Jesus and the Death Penalty - The American Spectator | USA News and Politics
Jesus and the Death Penalty

Recently religious pacifist Shane Claiborne confronted Tennessee’s governor on the street to tell him what Jesus thinks about capital punishment.

Jesus did notably stop the execution of a woman accused of adultery by asking her accusers first to ponder their own sins. But nobody in Tennessee faces the death penalty for adultery. They are on death row for murder.

What does Jesus think about the proper response to murder? Christians believe Jesus is divine and therefore God’s instruction to Noah in Genesis is pertinent: “Whoever sheds the blood of man, by man shall his blood be shed, for God made man in his own image.”
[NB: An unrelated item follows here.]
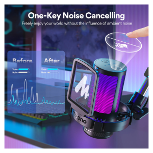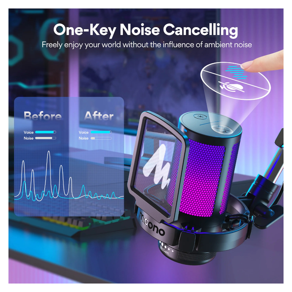 This high-sensitivity cardioid USB microphone offers one-tap noise reduction, zero-latency monitoring, and USB/USB-C connectivity for effortless setup. With optional RGB ambient lighting and clear voice capture, it’s a great choice for gamers, podcasts, streaming, and content creation.

Unlike the later civil punishments of the Mosaic law, which are no longer considered binding, Christianity has traditionally regarded this command as having universal application.

There is also in the New Testament the admonition from Jesus’ Apostle Paul that God ordained the state “not to bear the sword in vain” and is an avenger who “carries out God’s wrath on the evildoer.”
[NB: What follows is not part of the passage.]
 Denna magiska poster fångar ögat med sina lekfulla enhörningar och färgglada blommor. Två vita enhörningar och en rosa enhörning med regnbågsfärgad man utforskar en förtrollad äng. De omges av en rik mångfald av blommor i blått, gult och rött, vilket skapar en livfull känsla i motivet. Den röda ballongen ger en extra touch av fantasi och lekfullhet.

These Bible passages are never popular with church pacifists who oppose all violence. And this opposition raises the question: Is imprisonment of murderers, rapists, robbers and other dangerous persons morally acceptable if it involves armed guards prepared for lethal force? Should imprisonment instead be voluntary and therapeutic? Church pacifists typically are vague on law enforcement and protecting the innocent.

Claiborne, while in Tennessee for his protest, met with death row inmates and was “stunned” when the inmates told him they’d welcome the chance to pray with their Governor. “It would be like Jesus inviting Pontius Pilate over for dinner,” Claiborne exclaimed, although kindly clarifying he didn’t think the inmates were Jesus.
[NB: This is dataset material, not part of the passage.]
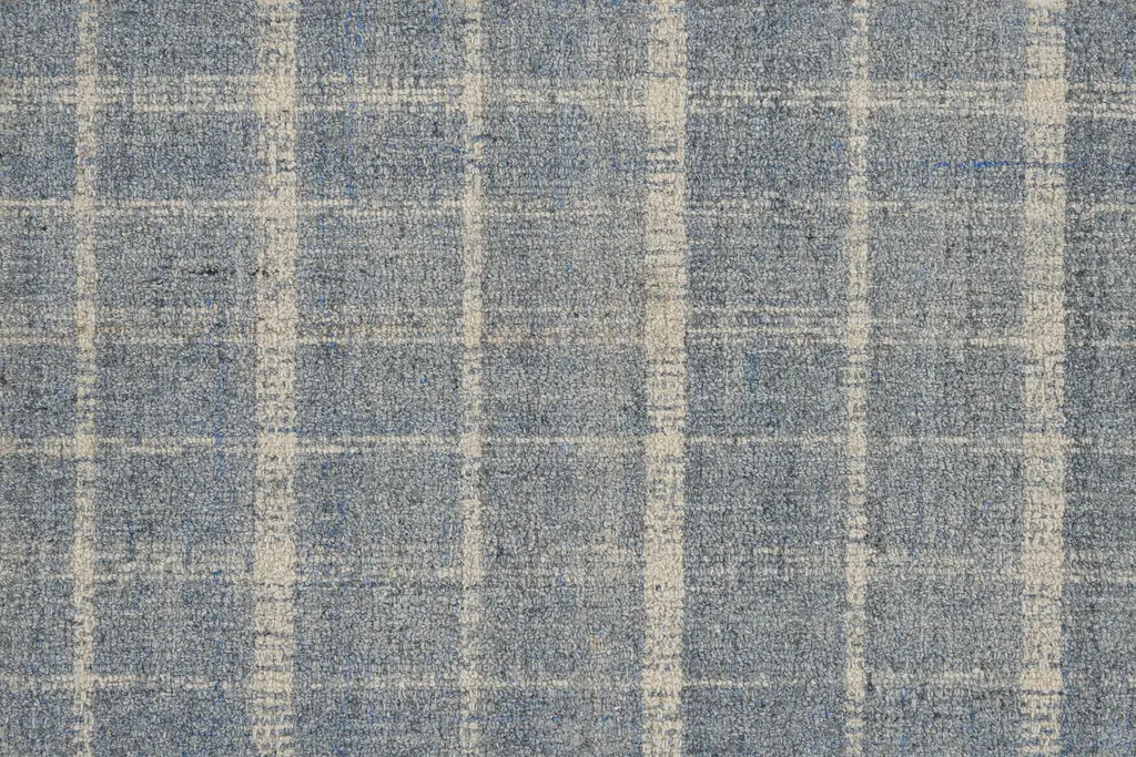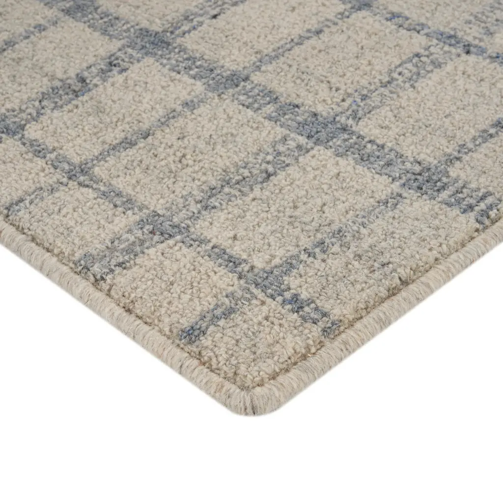 The Perth Plaid Custom Carpet offers a versatile flooring solution with a sophisticated design. This custom-sized carpet is made from 100% wool, known for its durability, soft feel underfoot, and natural resistance to crushing and staining. Its loop pile construction creates a dense, uniform texture, making it suitable for various residential and commercial settings. Featuring a distinct plaid pattern in a Horizon color, the carpet presents a blend of grey tones. The design showcases an abstract or subtly distressed plaid, where lighter grey lines form a grid against a deeper grey background. This contemporary interpretation of a classic pattern adds visual interest without dominating a room's aesthetic. As a custom-sized carpet, the Perth Plaid can be tailored to specific dimensions, ranging from 2' x 5' up to 13' x 30'. This flexibility allows for integration into diverse room layouts, from creating a focal point in a living area to adding comfort in a bedroom or defining a hallway. The pattern repeat measures 9" in width by 5.5" in length, providing a consistent design across installations. Expertly crafted in India, this carpet combines quality materials with robust construction. Its wool fibers and durable loop pile ensure long-lasting performance and straightforward maintenance, offering both comfort and style. The Perth Plaid Custom Carpet provides a high-quality, customizable flooring option with a timeless yet contemporary appeal.

That’s right, because Jesus was actually innocent. Claiborne presumably accepts the convicted murderers are guilty, although the details of their crimes and their victims don’t merit mention in his column, even if they are an essential part of the story. Rather than pray with the Governor, perhaps the inmates should instead offer to meet with the families of their victims, proffering their apologies, and admitting their horrific crimes merit their sentence.

It’s right that clergy and other persons of faith visit the imprisoned, including murderers, to remind them of God’s grace and mercy, which atones for sin but doesn’t absolve from earthly responsibility for the consequences of their deeds. It seems odd for Christians to visit convicted murderers to tell them their punishment is unjust, unless these visitors have evidence of their actual innocence. Jesus on the cross did not tell the thieves executed at His side that they were victims of injustice. Instead He offered eternal salvation to the one who repented.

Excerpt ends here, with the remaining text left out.